Time magazine claims that if the ossuary is authentic and the inscription refers to the biblical James, “this would be the most important discovery in the history of New Testament archaeology.”
The New Testament in several places refers to James, Jesus’ brother. In Matthew 13:53-55, citizens of Jesus’ hometown Nazareth mention “His brother…James….” Paul, an early expositor of the faith, refers to “James, the Lord’s brother” (Galatians 1:19), a leader of Jerusalem’s Christians.
Is the ossuary a first-century antiquity or a later forgery? The Geological Survey of Israel subjected it to rigorous tests. It is made of Jerusalem-area limestone quarried from the first or second century A.D. Its patina (sheen) bears evidence of centuries in a cave and shows no evidence of modern chemicals or disruption. Survey scientists conclude it’s not a later forgery.
Paleography, the science of ancient writings, supports the early date. Johns Hopkins paleographer P. Kyle McCarter says the “script is consistent with a date in the middle of the first century A.D.” Josephus, a first century Jewish historian, put James’ death in 62 A.D.
Does the inscription refer to the biblical James, Joseph and Jesus? Lemaire’s statistical analysis argues that in mid-first-century Jerusalem “there were probably about 20 people who could be called ‘James son of Joseph brother of Jesus.'”
Only one other known ancient Jewish ossuary inscription mentions a brother. Was this Jesus, James’ brother, mentioned because he was well known? Lemaire sees a 90 percent chance that the ossuary’s James is the biblical brother of Jesus.

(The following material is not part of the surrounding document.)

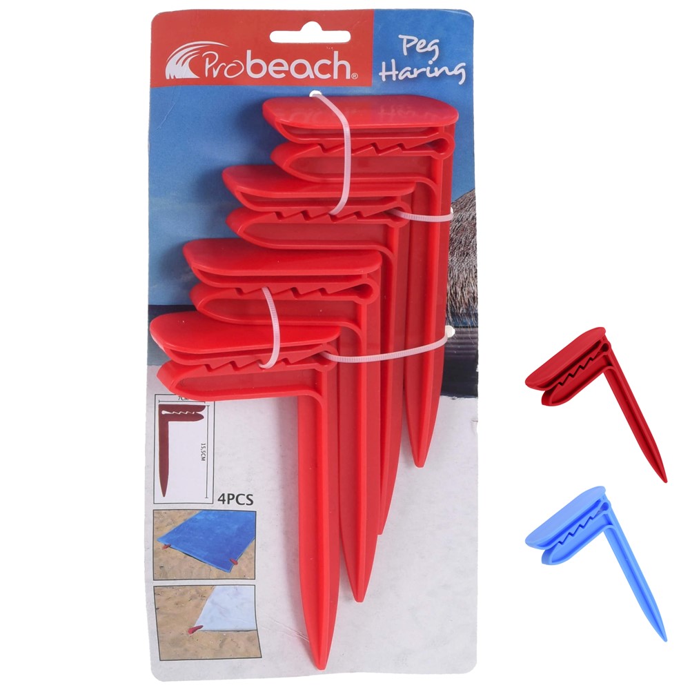 Multi-purpose fixing pegs, made of durable plastic material, with dimensions of 15.5 cm in length, in different colors. They are used for assembling camping tents, fixing protective layers for camping mattresses or fixing towels or blankets, to protect them from the wind. This product has compact dimensions, it can be easily transported in the travel bag and it is suitable for use in camping, beach, picnics, fieldtrips, etc.

The case has critics. We know nothing of the ossuary’s original location; evidence might have been compromised. At least one scholar disagrees with Lemaire’s paleographic dating of the box. Some question his statistical basis for eliminating other possible Jameses in Jerusalem and feel that Lemaire overstates his case. But at least one feels he understates it.
Christianity, Judaism and Islam claim historical foundations. Historical and archaeological confirmation — or contradiction — of their writings affects their credibility.
Christian faith does not stand or fall on the authenticity of this ossuary. But if genuine, the ossuary supports the conclusion of the late, renowned Jewish archaeologist Nelson Glueck, who asserted “the almost incredibly accurate historical memory of the Bible, and particularly so when it is fortified by archaeological fact.”
Duke University Judaic Studies professor Eric Meyers, while advising caution on the James ossuary, feels “there is a strong possibility that the artifact is what Lemaire says it is: the oldest extra-biblical archaeological evidence of Jesus.”